Food for thought. My longstanding rule: arguments gain persuasive power through pathos, ethos, logos. Particularly, no authority, expert or presenter is better than his or her facts, logic and assumptions. AKA, figgers don't lie but liars and fools can figger their way into trouble. Caveat emptor. kairosfocus
I read yesterday that as of Sunday night America had tested fewer than 900,000 people. Lord only knows how many real cases there are. Jim Thibodeau
DS, the local events are actually international, given the significance for volcanology and disaster management. And as you know, the associated logic, epistemology, ethics, decision theory and statistics are all general matters. As is the macroeconomics. And yes, when we accept a speed limit with a given degree of risk, we are implicitly pricing a value on lives; through what we tolerate. That extends directly to the regulatory burden on drugs testing in general and in the face of emergency. There is a priceable value for the priorities that did not push testing of HCQ etc post SARS1 (etc). We are now paying the price for those implicit decisions. In that mix, we find ambulance chasing litigation and deep ideological polarisation, agit prop and lawfare cultivated by some as a road to power. KF kairosfocus
PS: Funny thing, UK papers seem the best documentation just now! They allowed me to spot the area and while I was by the Clinic, I realised it had to be higher up the hill. The house is at an angle to the road.
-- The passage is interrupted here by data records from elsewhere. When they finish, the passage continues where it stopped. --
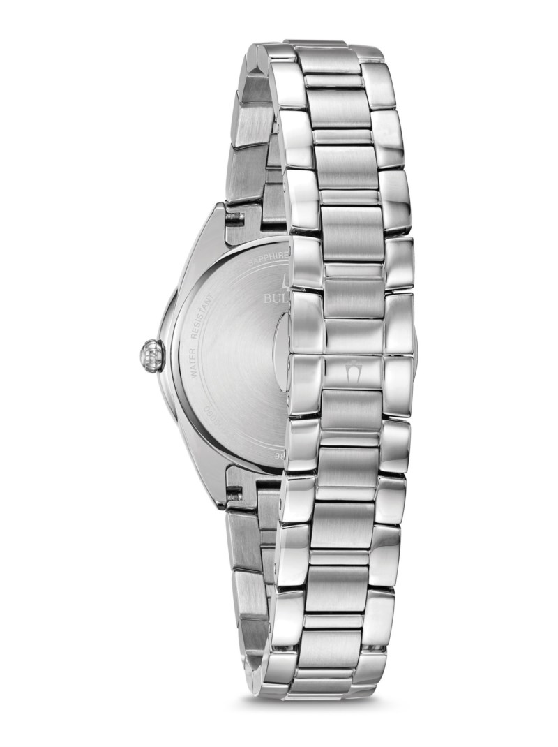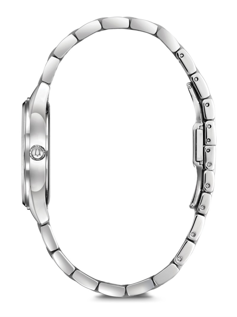 Orologio bulova da donna , 96p198, collezione classic bv, , movimento quarzo, solo tempo, materiale cassa acciaio da 32 mm mm, vetro: zaffiro , quadrante blu madre-perla con 8 diamanti, bracciale in acciaio inox con chiusura deployante.
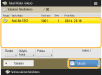 Tällä toiminnolla tallennetaan määritettyyn tallennuspaikkaan (Salainen faksilokero) vastaanotetut asiakirjat, jotka täyttävät tietyt ehdot. Salainen faksilokero sisältää useita lokeroita, joista jokainen voidaan suojata salasanalla. Määrittämällä ehdon, kuten kaikkien Yhtiö A:n asiakirjojen tallentamisen lokeroon Nro 10, voit tarkistaa vain tarvitsemasi asiakirjat. Tällä toiminnolla voit myös estää valtuuttamattomien henkilöiden pääsyn salaisiin asiakirjoihin tahattomasti asettamalla salasanan. Kun käyttöpaneelin Käsittely/Data -ilmaisin palaa tasaisesti vihreänä, tarkista tai tulosta tallennetut asiakirjat seuraavien ohjeiden mukaisesti.
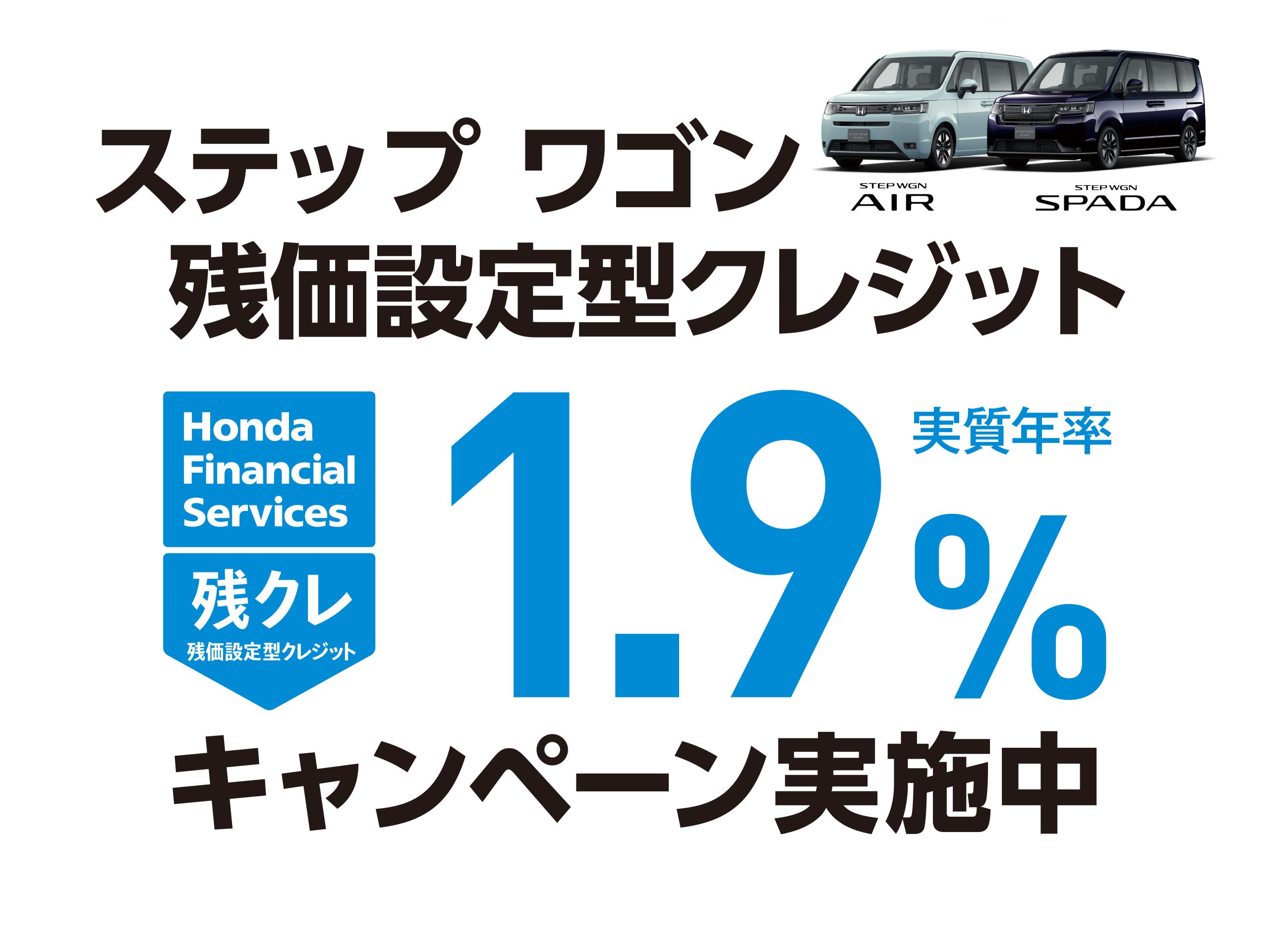今ならステップワゴンが残価設定型クレジット 1.9%キャンペーン中でお求めやすくなってます。詳しくは店頭にてお問い合わせください。
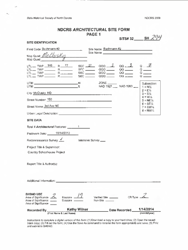 .,State Historical Society of North DakotaNDCRS 2009NDCRS ARCHITECTURAL SITE FORM
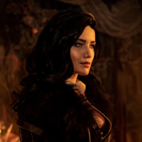 The image depicts a character that appears to be Yennefer from the "Witcher" series, portrayed by actress
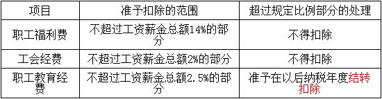 (3)這三項費用不是采用計提或預(yù)提的方法支出,而采用的是“據(jù)實支出、限額控制”的方法。其中職工教育經(jīng)費超支的,可結(jié)轉(zhuǎn)下年,用以后年度未用完的限額扣除。
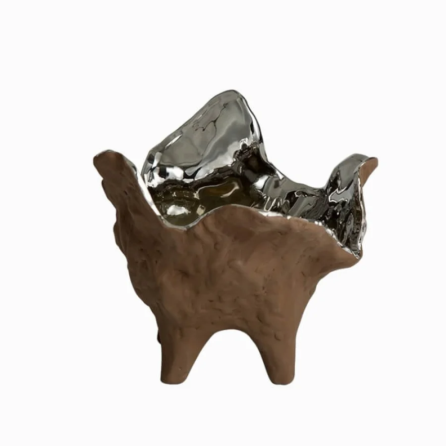 Выполненная из керамики в теплых коричневых тонах с серебряными акцентами, она словно обнимает плоды, создавая эффектный контраст и подчеркивая их естественную красоту.
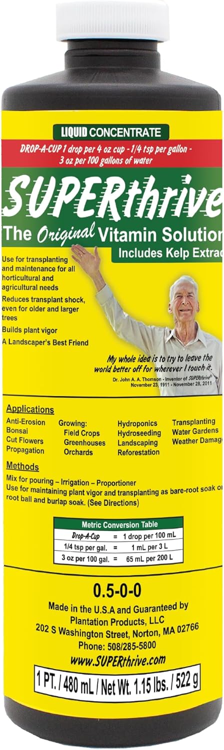 • Superthrive Is a Highly Concentrated Non-toxic Vitamin Solution Invigorating All Variety of Greenery for Home Gardeners and Professionals Alike; It Is Equally Suited for Hydro-seeding, Hydroponics, and Foliar Spraying
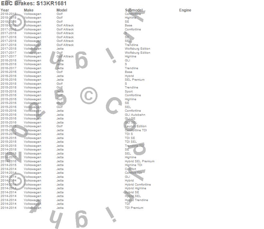 Below is an abbreviated list of applications for the S13 Kits Yellowstuff and RK Rotors.
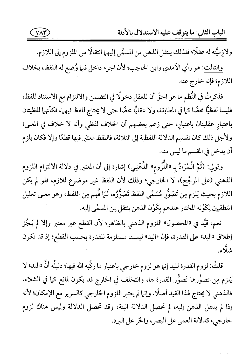 نعم، قيَّد في "المحصول" اللزوم الذهني بالظاهر؛ لأن القطع غير معتبر وإلا لم يَجُز إطلاق "اليد" على القدرة، فإن "اليد" ليست مستلزمة للقدرة بحسب القطع؛ إذ قد تكون شلَّاء.
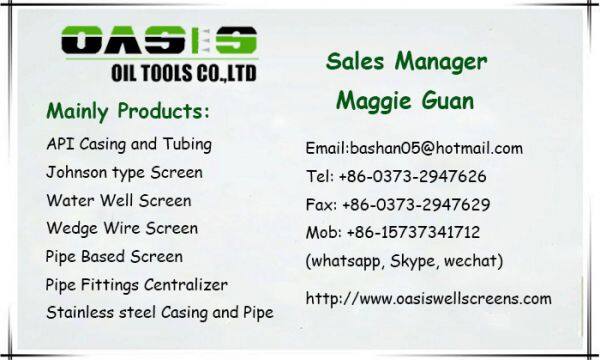 Packing Details: OASIS 304 316L water well screens/wedge wire screen/stainless steel wire meshes with thread connection are packed with bubble bag or woven bag and then with wooden strip or in wooden case(fumigation certificate).
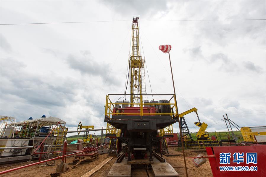這是6月2日在俄羅斯伊熱夫斯克的UDM項目鉆井現場拍攝的中國制造的移動鉆機。新華社記者白雪騏攝
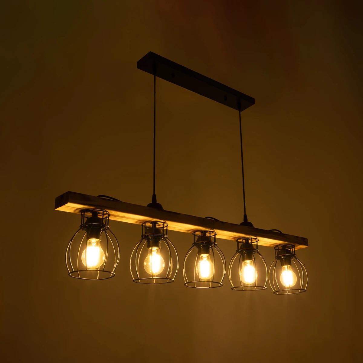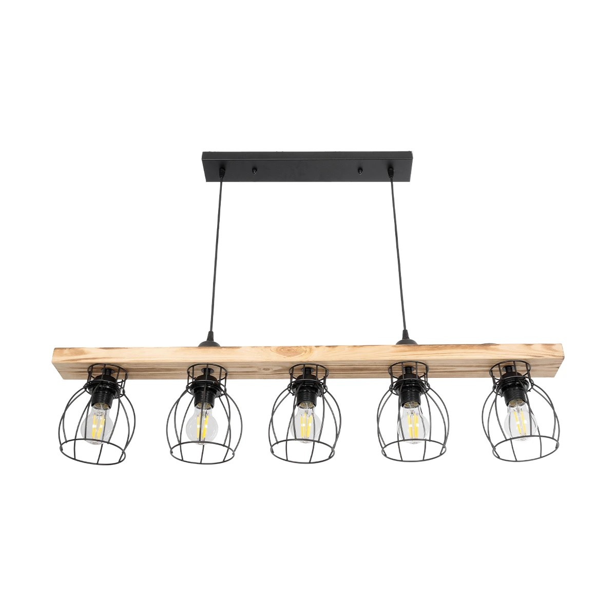 GLOBOSTAR® BARISTA 203-0095 Vintage Κρεμαστό Φωτιστικό Οροφής με Ντουί 5 x E27 AC 220-240V IP20 - Μπεζ & Μαύρο - Μ100 x Π14.5 x Υ26cm

The man I recognised drives the green pickup. kairosfocus
F/N: Back home from Doc and Supermarket. Just passed by and wished condolences from the road. The house is on the main road in Sweeneys, in the St Johns area around the corner from Aravin's.The car was in the driveway. This is a video of the road and the house: https://www.mirror.co.uk/3am/celebrity-news/black-rippers-death-shrouded-mystery-21826146 According to ZJB (as I heard in Aravin's) an autopsy has been called for a sudden death. KF kairosfocus
Neither marijuana nor being an activist is a plausible cause of death. :roll: ET
Kairosfocus: ZJB has confirmed the passing. Cause is not plausibly COVID-19. He was a big marijuana smoker/activist so another cause was going to be more likely anyway. Loved your bit of detective work!! Thanks! JVL
@121 Kairosfocus:
All of that goes back to the point that the day of blind trust in ex cathedra announcement of experts is over. So is the day of pretence of “consensus” of experts [maintained by the no true Sassenach fallacy, doubtless].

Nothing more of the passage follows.